The travel industry is often criticised for promoting travel and experience at the detriment of our planet and own health. COVID-19 has forced the world to stop and work in a different way. It will take a while for people to feel comfortable to travel again, let alone a company understand the complicated restrictions that different countries are likely to adopt on the short-term.

We expect our clients to begin traveling again with any earnest in 2021. Expect to see a small amount of travel this year as borders re-open, but this will be subject to availability and the price point. It will be interesting to see how suppliers will increase pricing to mitigate against losses without driving clients to seek alternative suppliers or perhaps not travelling at all.

I would like to see consideration given to the type of trip a corporate traveller undertakes. I’d like to see less short (zero-two days) direct trips and more time given to planning more complicated multi-centre itineraries, so that when a person travels for their company the ROI is maximised, but impact to their own well-being and our planet’s sustainability is reduced.

It would be good to get to a place where we have people doing fewer trips but in doing so have a higher level of comfort and standard – this of course comes at a higher cost, but if you are reducing your volume, you can increase the quality.

 

Noah Meyerson, Managing Director, Traveltrust

I believe that pricing for all forms of business travel will likely drop significantly over the very short term in order to entice people to travel again, which will mean margins for travel agencies will drop significantly as well.

However once planes and hotels are closer to capacity, suppliers may very well push up prices significantly to cover new costs associated with social distancing and other health measures. Hopefully, after a year or so, or after a vaccine is successfully implemented (whichever comes first), suppliers will start being able to return to pre-COVID 19 business practices, and pricing will slowly return to what it was before.

 

Melanie Quinn, Head of Sales and Customer Relations, Clyde Travel Management

It is to be expected that there will be a slow return of commercial flying, with domestic travel returning first, as we have seen in China.

It is anticipated that we will see 20% of capacity returning in the first instance, gradually creeping up to 50% later in the year, subject to border controls and government lockdown policies being relaxed. Social distancing is not possible on aircraft and add to that the recycling of air on board during flight, passenger confidence will be low.

We know that certain sectors will return earlier. Those related to key worker industries such as medical and movement of goods internationally will be the first, then subsequent sectors as permitted by government, to return to some sort of business as usual.

With reduced capacity we anticipate in the short term we will see less travel, but at higher average air ticket prices. Hotels, conversely, we believe will have lower prices to encourage both business and leisure travellers to book.

It is to be expected that there will be a slow return of commercial flying, with domestic travel returning first, as we have seen in China.

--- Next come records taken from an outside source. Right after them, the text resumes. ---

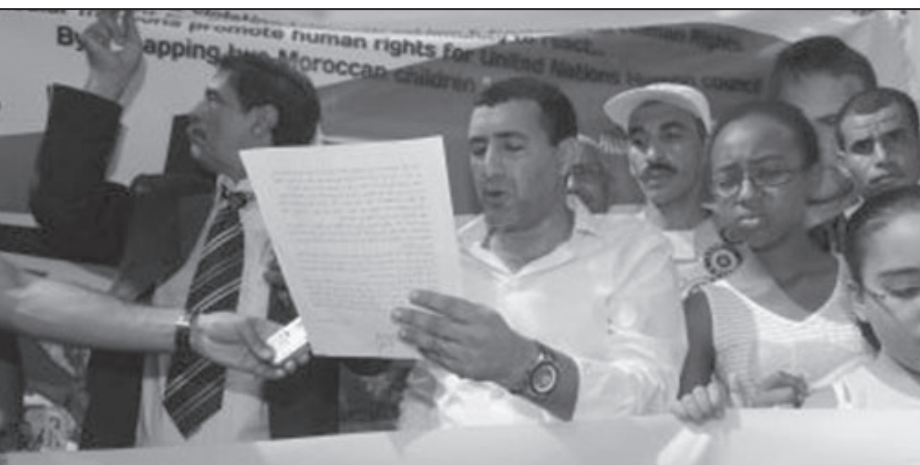
جانب من الاحتجاج امام السفارة النرويجية بالرباط امس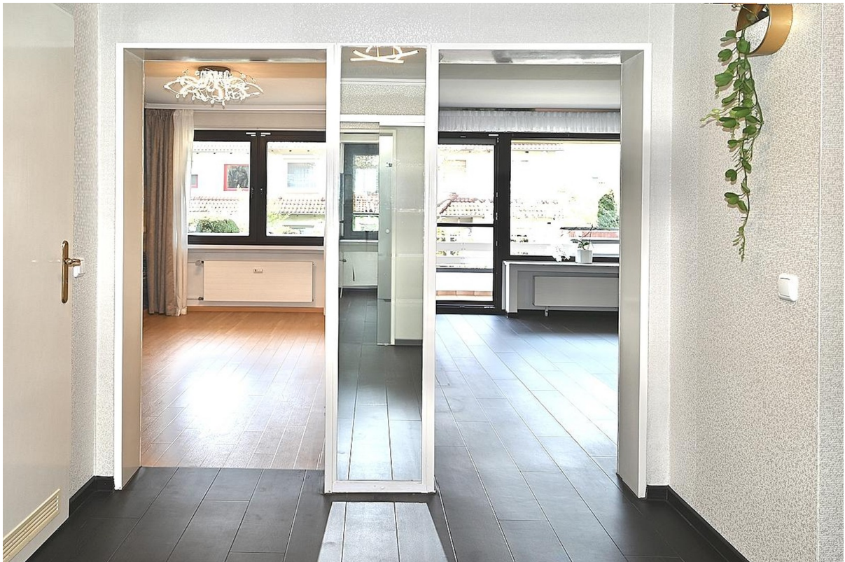
Diele Blick Wohnz. / Kinderz.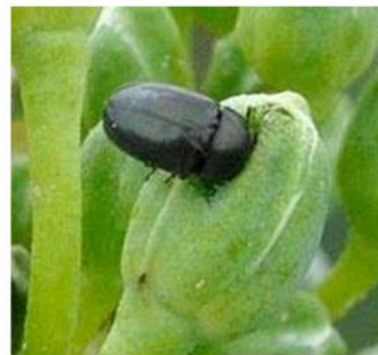
Méligèthe perforant un bouton floral pour s'alimenter

2 parcelles au stade D1 et en bon état végétatif, de l'Ariège et de la Dordogne signalent plus d'une dizaine d'insectes par plante. Ailleurs, sur les parcelles à D2-E, le nombre moyen d'insectes par plantes s'établi entre 1 et 3 (1 parcelle à 7 individus par plante).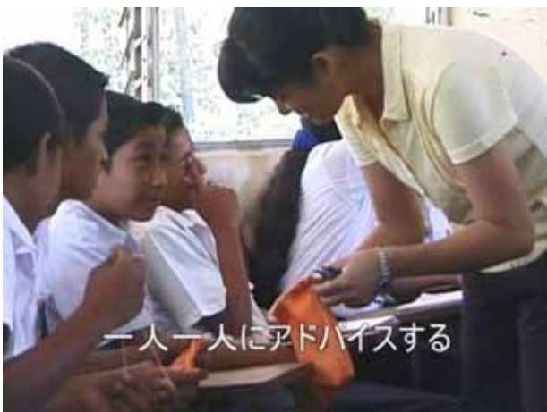
一人一人にアドバイスする

Confidence in supply will be paramount, hygiene processes and guarantees will be sought to give comfort to companies and travellers that all possible precautions have been taken to protect individuals. Companies will be prescriptive about requirements for the first to travel, for sure.

Medium term, as confidence builds, we should see prices flattening, but I do not anticipate it will be to the levels we enjoyed in 2019 for some time.

The global market had over capacity, driving prices down to affordability for all. The crisis will undoubtedly prompt airlines cut previous ‘loss leader’ routes.

High levels of corporate traffic requirements, such as Heathrow-New York JFK, will drive those routes that are retained.

Long term, business travel will survive, as it has every crisis before this. However, it will be a very different landscape. Several airlines and travel companies are at risk of extinction. This could force consolidation and ultimately a reduction in choice for the customer.